For more on the AdMob January 2010 Mobile Metrics Report:
- read this release

Thwapr inks mobile advertising alliance with The Ad Store

February 19, 2010 By: vio Category: Contents, Mobile

Mobile-to-mobile video sharing platform Thwapr announced a strategic partnership with branding and advertising firm The Ad Store to create video-based social mobile advertising efforts. Per terms of the deal, Thwapr will partner with The Ad Store and its clients to develop new campaigns and re-purpose existing creative to run across its mobile video platform and services.

The Thwapr service enables users to share media content between their mobile devices and the web–videos or photos captured with their device (a.k.a. “Thwapping”) can be shared with one or many recipients and used to engage in rich media conversations, or “ThwapBacks.”

For more on the Thwapr/Ad Store deal:
- read this release

Patent hints at coming BlackBerry mobile ad service

February 19, 2010 By: vio Category: Contents, Mobile

During its annual BlackBerry Developer Conference in November 2009, Research In Motion announced the wheels were in motion to introduce a new services platform enabling developer partners to integrate mobile advertising into their BlackBerry applications. RIM has divulged next to nothing about the project in the months since, but a new U.S. patent filing uncovered by MobileSyrup.com hints at what the device maker is planning.

The patent, which outlines a “System and method for incorporating multimedia content into a message handled by a mobile phone,” states “Multimedia content can be incorporated into a message handled by a mobile device with minimum invasiveness by utilizing linking mechanisms that are visually identifiable with certain content and can reveal the multimedia content, e.g. an advertisement, upon selection. This may be done by examining content in the message handled by a mobile device and matching portions of the message with predetermined criteria such as keywords or phrases. Upon finding matches, corresponding multimedia content is associated with a respective portion of the message content and access to the multimedia content is enabled through selection of a linking mechanism that is visually identifiable with the respective portion of the message. The message is modified to include such linking mechanisms such that upon viewing the modified message, a user may reveal the multimedia content by selecting the linking mechanism.”

The RIM patent also underscores the importance of targeted, relevant ad content. “Advertising may only be effective if the user is interested in the content and can become a nuisance if the user is overwhelmed with too much content, or content that may be deemed inappropriate or irrelevant… On a mobile device, although the user may have access to such broadcast content and may be able to access particular media, various other uses of the mobile device may command the user’s attention at various times during a given day. As such, advertising on a mobile device can be more challenging than simply associating generic advertising content with a given medium.”

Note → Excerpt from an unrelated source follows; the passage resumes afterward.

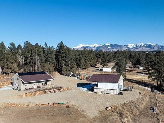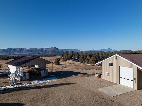 This adventurous and spacious barndominium, completed in 2021, offers the ultimate blend of rugged outdoor lifestyle and modern comfort, with plenty of room for your gear, vehicles, toys and endless fun! Spanning 2,400 square feet of thoughtfully designed living space plus 1140 square feet of heated and livable garage or game room. This property is built tough for every adventure with "Red Steel" construction and fire resistant metal siding and roofing. The 12x60’ covered patio and outdoor kitchen area makes it easy to enjoy the breathtaking surroundings year-round, whether you're hosting a cookout or stargazing after a day of exploring. Inside the main house, you'll find a smart layout featuring three large bedrooms, each with its own en-suite bath—perfect for accommodating family or friends. The main level boasts a stunning kitchen with stainless steel appliances and granite countertops, a cozy living room, a functional mudroom with powder room, and a luxurious primary suite with walk in closet. Upstairs, you'll find two more en suite bedrooms, a home office or bonus room, and a charming kitchenette for added convenience. Comfort is key, with in-floor heating throughout the house and mini-splits providing efficient AC and heat in every room. PV solar panels generate sufficient credits to offset the majority of the cost to operate. This property could be a perfect Airbnb, with no covenants restricting your creativity. Its flexible layout and prime location make it an excellent investment opportunity or a unique retreat for travelers seeking adventure. The upstairs space could also be transformed into its own apartment, adding incredible versatility. Step outside to the 720 SF covered south facing patio and find an outdoor kitchen equipped with a grill, Blackstone griddle, and refrigerator, plus overhead propane heaters for year-round enjoyment. Take in the panoramic views of Mesa Verde, the La Plata Mountains, and Sleeping Ute as you swap stories about your adventures of the day. For your toys and equipment, the barndominium features a pull-through area with 16' doors—big enough for a Class A RV with water and sewer hookups. The big heated garage space could also be a fabulous game room or bunkhouse for all your buddies. Additional storage includes a 45'x50' steel pole barn with two 40' Zircon storage containers and a log barn, currently serving as a dog kennel and chicken coop, ready to adapt to your needs. The property is equipped with a full solar system and 440 amps of power, ensuring energy efficiency and room for future expansion. A Navian tankless on demand hot water heater for instant hot water. Fully fenced and cross fenced high tensile 5 wire- 4 barb with drill stem main supports and corners and steel line posts perfect for horses, cattle, buffalo, elk, pigs, goats, sheep, donkeys, mules, and rabbits.. Located just 36 minutes from Durango, 15 minutes from Dolores, and mere moments from the San Juan National Forest, this property puts endless outdoor recreation—hiking, fishing, hunting, and more—right at your doorstep. The land itself features established grass for grazing and a long private drive, offering functionality, privacy, and stunning scenery. Whether you're chasing the dream of country living, need space for your hobbies, or want a unique retreat in the Four Corners region, this barndominium delivers. Don’t miss out—schedule your private showing today and experience the perfect balance of rugged and refined living!
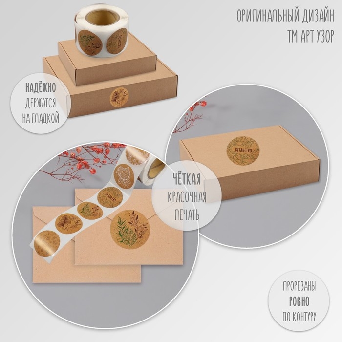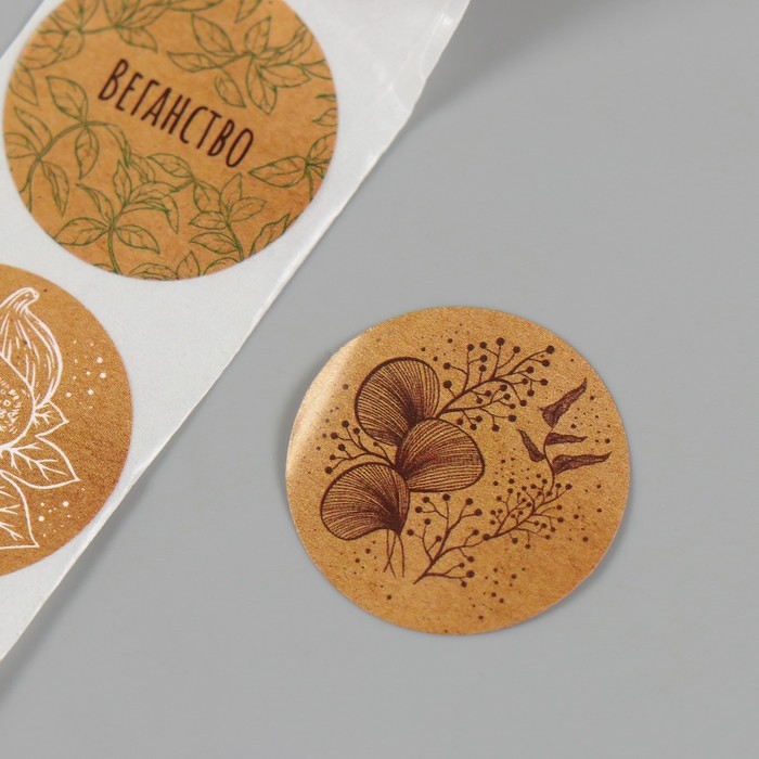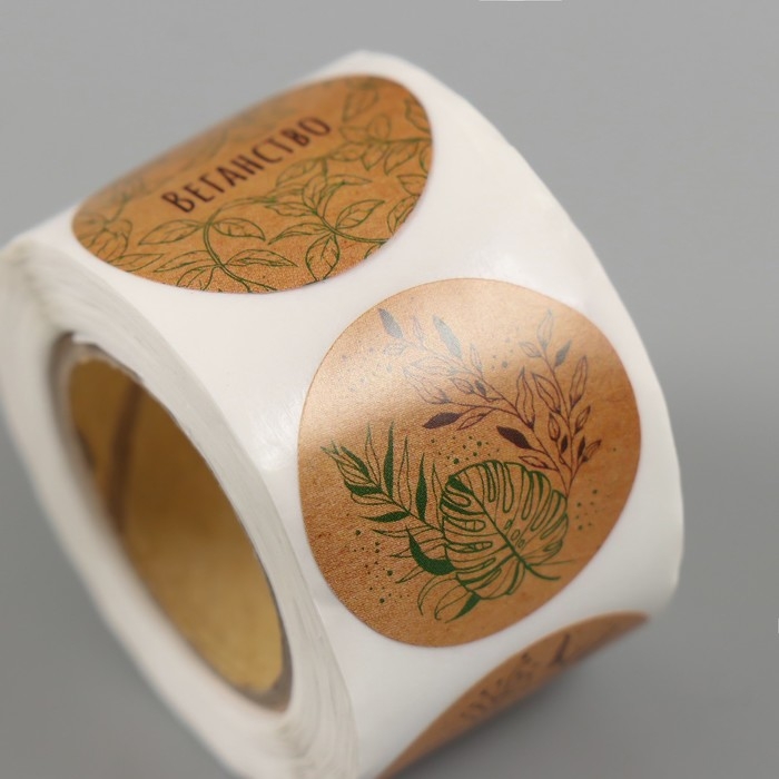 Наклейка бумага "Экология. Крафт" d=2,5 см 252 шт в рулоне

For more on the RIM mobile advertising patent:
- read this MobileSyrup.com article

Google rumored to introduce new mobile search ad format

January 29, 2010 By: vio Category: Contents, Mobile

Google is reportedly poised to debut a new mobile search-based advertising initiative targeting the smartphone segment. Citing a source familiar with the matter, The Wall Street Journal reports the Google ads will more closely integrate mobile search results with advertiser information and user location–e.g., users who search for “pizza” will see an ad featuring a click-to-call number for a nearby pizzeria.

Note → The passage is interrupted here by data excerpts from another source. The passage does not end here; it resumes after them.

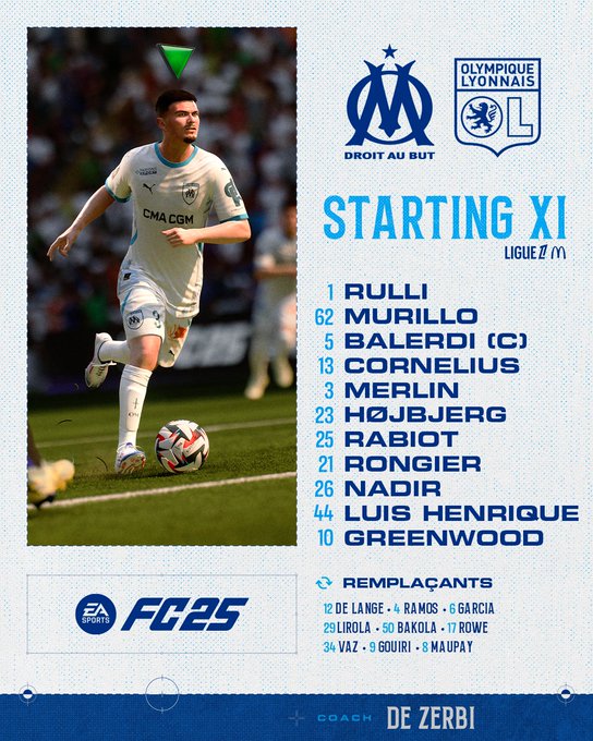 🚨 Voici notre 11 de départ pour cet Olympico 🔴🔵 #OMOL
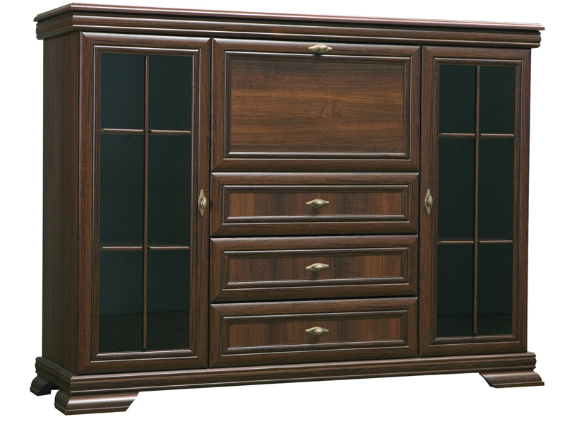 Ve třech zásuvkách najdou své místo věci, které by měly být před návštěvou skryty, naopak prosklené boční vitríny nabízejí místo pro přehlídku vzácného skla či starožitných dekorací. V horní skříňce s vyklápěcími dvířky by mohl být malý bar připravený k pohoštění návštěvy.
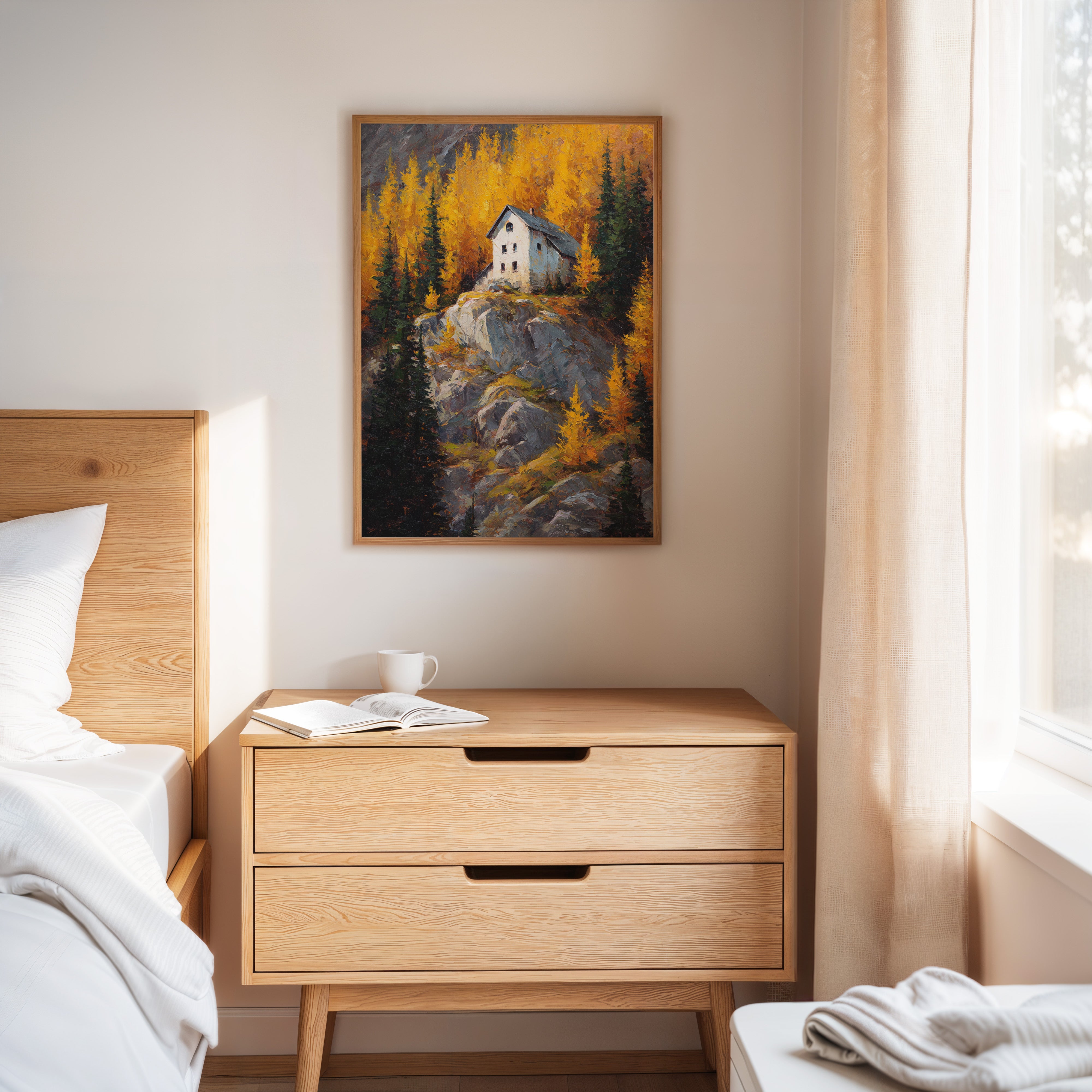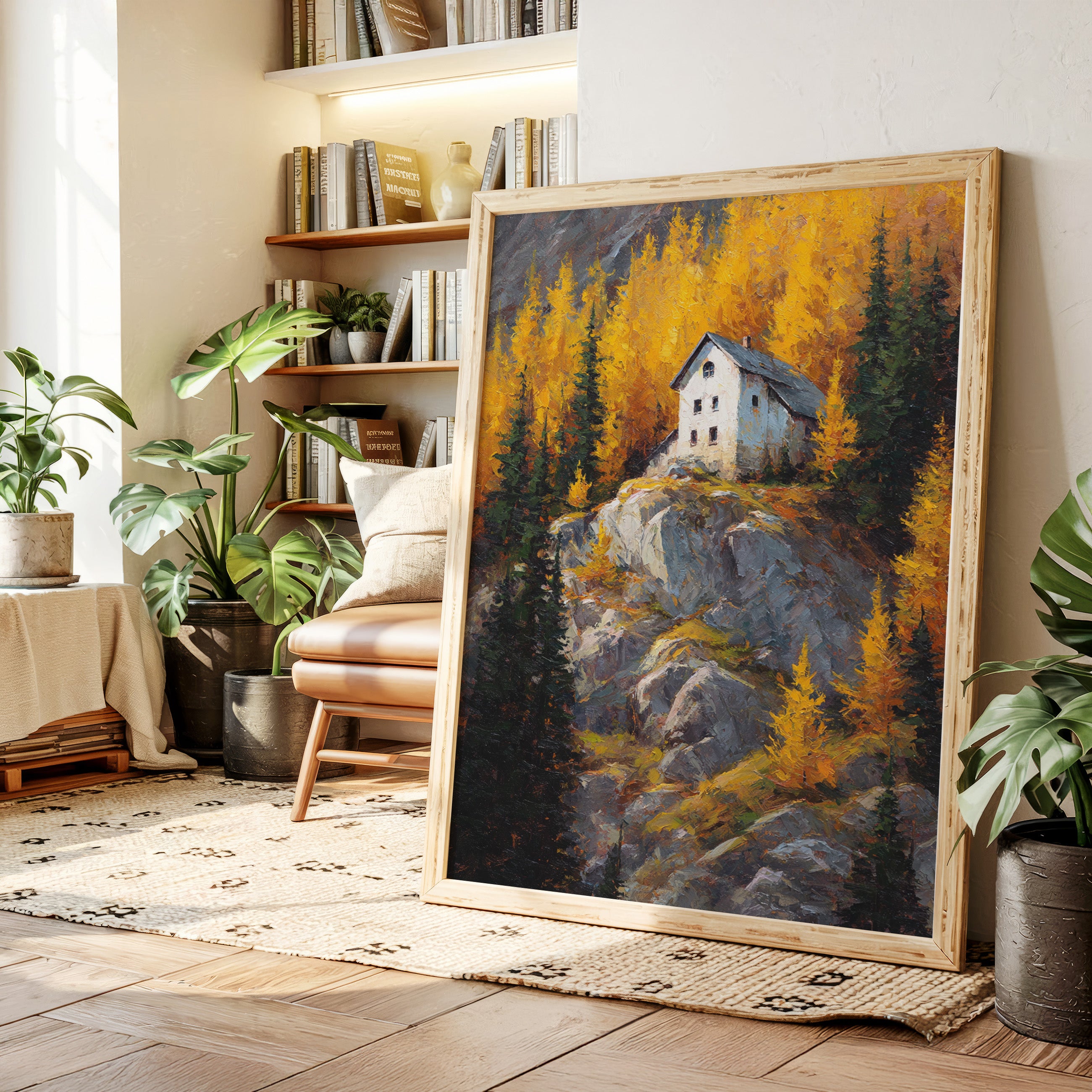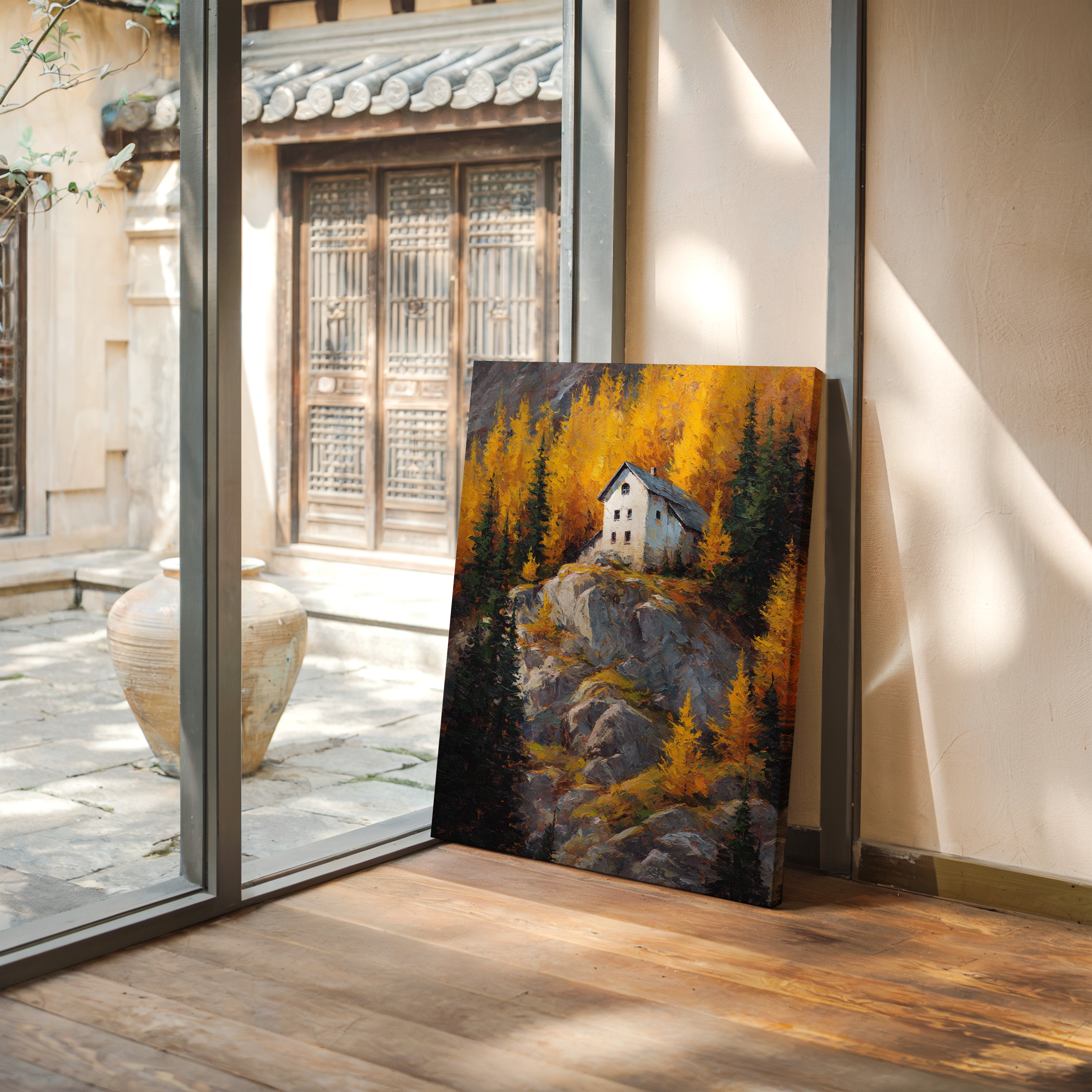 A lone white house perches defiantly atop a rugged granite cliff, surrounded by a blazing display of autumn aspens. The dramatic contrast between the stark architecture and nature's wild palette creates a compelling narrative of isolation and beauty. Thick impasto brushstrokes capture the texture of weathered rock and dancing foliage, while the house stands as a silent sentinel against the untamed landscape. This piece would create a stunning focal point in a mountain home's great room or add dramatic flair to a contemporary urban loft seeking to capture the majesty of alpine wilderness.

In a recent interview with the Journal, Google CEO Eric Schmidt said the mobile advertising industry’s growth will take time. “It’s probably the case that the real impact on mobile [advertising] will come from products that aren’t yet built,” Schmidt said, citing emerging opportunities, like augmented reality software, which offers consumers additional information about what their phone is pointing at. Schmidt has long been bullish on the promise of mobile advertising, contending in 2008 that “Over time [Google] will make more money from mobile advertising. Not now, but over time.”